Personal information
- Full name: Mohammad Tutul Hossain Badsha
- Date of birth: 12 August 1999 (age 26)
- Place of birth: Joypurhat, Bangladesh
- Height: 1.81 m (5 ft 11+1⁄2 in)
- Position: Centre-back

Team information
- Current team: Brothers Union
- Number: 5

Youth career
- 2012–2013: Dhaka Abahani
- 2012: → Khilgaon FA (loan)

Senior career*
- Years: Team / Apps / (Gls)
- 2013–2022: Dhaka Abahani / 84 / (0)
- 2022–2025: Bashundhara Kings / 25 / (0)
- 2025–: Brothers Union / 0 / (0)

International career^{‡}
- 2013–2017: Bangladesh U20 / 10 / (0)
- 2017–2021: Bangladesh U23 / 17 / (1)
- 2018–: Bangladesh / 25 / (0)

Medal record
Representing Bangladesh
SAFF U-18 Championship
| Runner-up | 2017 Bhutan | Team |
South Asian Games
| Bronze medal – third place | 2019 Nepal |  |

= Tutul Hossain Badsha =

Bangladeshi footballer (born 1999)

Tutul Hossain Badsha (12 August 1999) is a Bangladeshi professional footballer who plays as a centre-back for Bangladesh Football League club Brothers Union and the Bangladesh national team.

==Club statistics==

===Early career & European trial===
Badsha joined Dhanmondi giants Abahani Limited Dhaka in 2012, at the age of 13. While still training with the Abahani youth team, Badsha participated in the 2012 Pioneer League with Khilgaon FA and went onto win the league title while making only a couple of appearances for the club. The following year, he returned to Abahani and participated in the BFF U-18 Football Tournament, before making his senior team breakthrough.

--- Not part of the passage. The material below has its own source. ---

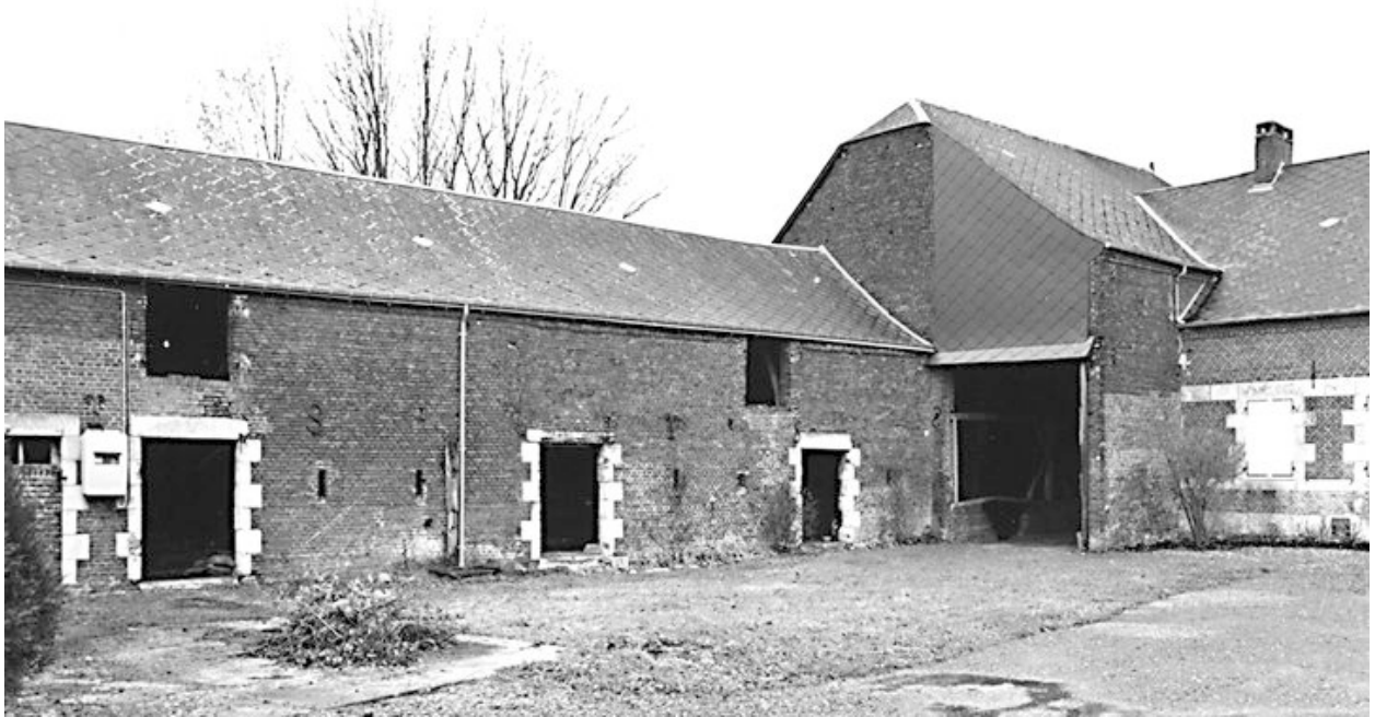
Etables à vache et chevaux, grange traversante attenante au logis.

On 21 July 2014, a 17 year old Badsha got the opportunity to trial for Belgian First Division A club Anderlecht, however, his European trial did not come to fruition due to passport issues. Although Badsha had only made a single league appearance before the offer, Bangladesh national team's head coach at the time Lodewijk de Kruif and assistant coach Rene Koster initially made the arrangements possible after Badsha caught the attention of the Dutch coaches during the 2014 AFC U-19 Championship qualifiers.

===Abahani Limited Dhaka===
After joining Abahani in 2012, Badsha made his first appearance during the 2013–14 season by coming on as a substitute, however, he was not a regular face in the team, due to there being more experienced defenders at his position at the time. Badsha, finally got a few appearances after veteran defenders Atiqur Rahman Meshu and Mohammed Ariful Islam parted ways with the club.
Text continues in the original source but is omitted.